August 6,
2015
We had a
very full day today – and I took far too many photos. So I’ll have to keep the
captions short on this one. We started the day on the second level of Tower I.
At eye-level here is the canopy of a Zanthoxylum tree (probably Z. rhoifolium), in perfect fruit right
now – and it was almost never completely free of birds while we were here. The
most amazingly cooperative birds were a pair of White-browed Purpletufts, and I
caught one just as it took off, showing its namesake.
And here’s a
few other birds I got photographs of here:
Dusky-chested
Flycatcher
Purple
Honeycreeper
Scarlet
Macaws
Southern
Scrub-Flycatcher
Yellow-browed
Tody-Flycatcher
Yellow-margined
Flycatcher
We then
walked the Saleiro loop, and when we arrived at the saleiro (“salt lick,”

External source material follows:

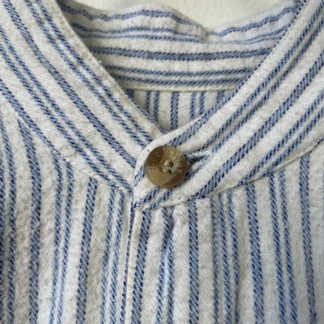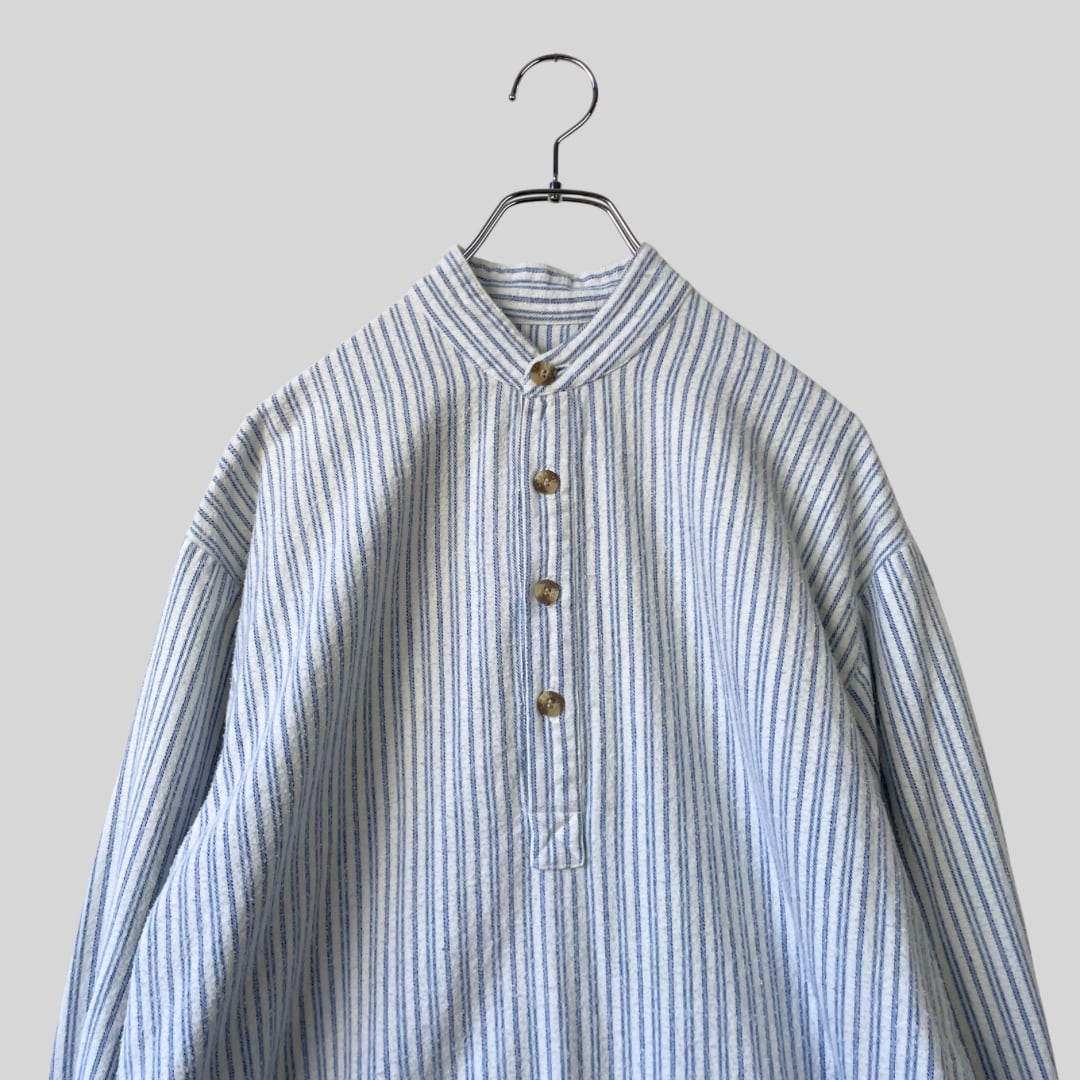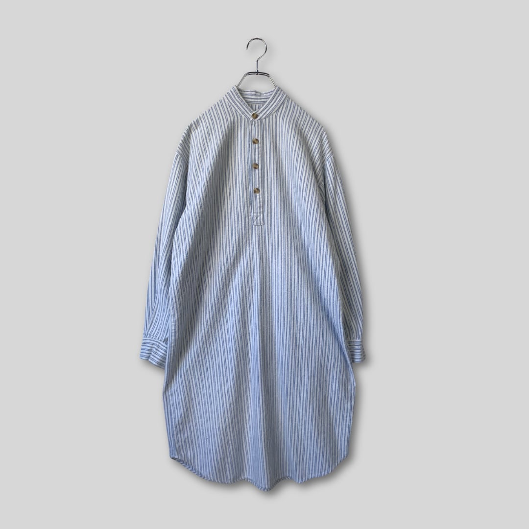 【Ladies】Grandpa stripe shirt / 古着 グランパシャツ ストライプ ブルー ネル生地

actually a mud wallow with slightly saline soil), a herd of White-lipped
Peccaries were starting to come in. They first spooked away, but when we
climbed the little observation platform, they came in, perhaps up to 80
individuals.
After they
departed, we enjoyed watching the many butterflies taking advantage of the moisture
and salts left behind.
Adelpha epione, a sister with no orange
band
Baeotus aeilus, Amazon Beauty
Heading back
to the lodge for lunch, I flushed this tiny metalmark, Sarota lasciva.
And also
flushed was this Rufescent Tiger-Heron from a small puddle of water in a forest
stream that is normally totally dry this time of year. I was amazed it still
had water in it this late in the dry season.
This click
beetle (family Elateridae) appears to be Semiotus
distinctus. It often comes to the fermented fruit that we have put out for
butterflies, and that’s what it was on here.
Our local
guide and my friend Jorge spotted this snake lying across the trail; it appears
to probably be Philodryas viridissimus,
a type of rear-fanged colubrid that could deliver a dangerous bite.
After lunch
I went back on the trail with my friend Claudia who had spotted this dead
weevil with a pathogenic fungus growing out of it. Susanne Sourell has already
identified the fungus for me as Ophiocordyceps
curculionum, but this asexual fruiting stage also has been giving a
separate scientific name, Hymenostilbe
sp.
I checked the
puddle parties on my own finding this Starry Night Cracker (Hamadryas laodamia) female.
This
gorgeous lemon-colored caterpillar had me wishing I were here for a few weeks
so I could rear it to adulthood.
This huge,
strange brushfoot had me totally confounded. It is Napeocles jucunda, so very unlike any other butterfly, and the only
member of its genus. Apparently it only very rarely comes to mud.
In the
afternoon the whole group set out for a delightful boat ride up river. Just up
from our lodge was this juvenile Great Black Hawk.
We stayed
until after dark, seeing a Great Potoo and countless Cuvier's Dwarf Caimans.
After
dinner, I wasn’t nearly ready to go to bed. I checked the moth sheet and saw
two odd but tiny things. One is this strange planthopper of some kind, perhaps
a nymphal stage of a fulgorid?
The other
was this moth that appears to mimic a small net-winged beetle.
And there
was one large visitor, this sphinx month Xylophanes
pluto.
I also
checked the lights on the walkway to the floating deck, where I found another
green sphinx moth, Eumorpha capronnieri.
I also found
a silk moth, Therinia sp.
Heading to
the boat ramp, I spotted a scorpion on the side of a tree trunk; This may be Tityus strandi.
Then I found
another, this speckled one more resembling Tityus
silvestrus though I’m far from certain that that is the correct name.
Finally, I
was amazed at the variety but lack of numbers of pyraloid moths on the beach.
It seemed there was just one each of at least nine species here, all of which
may remain unidentified for some time.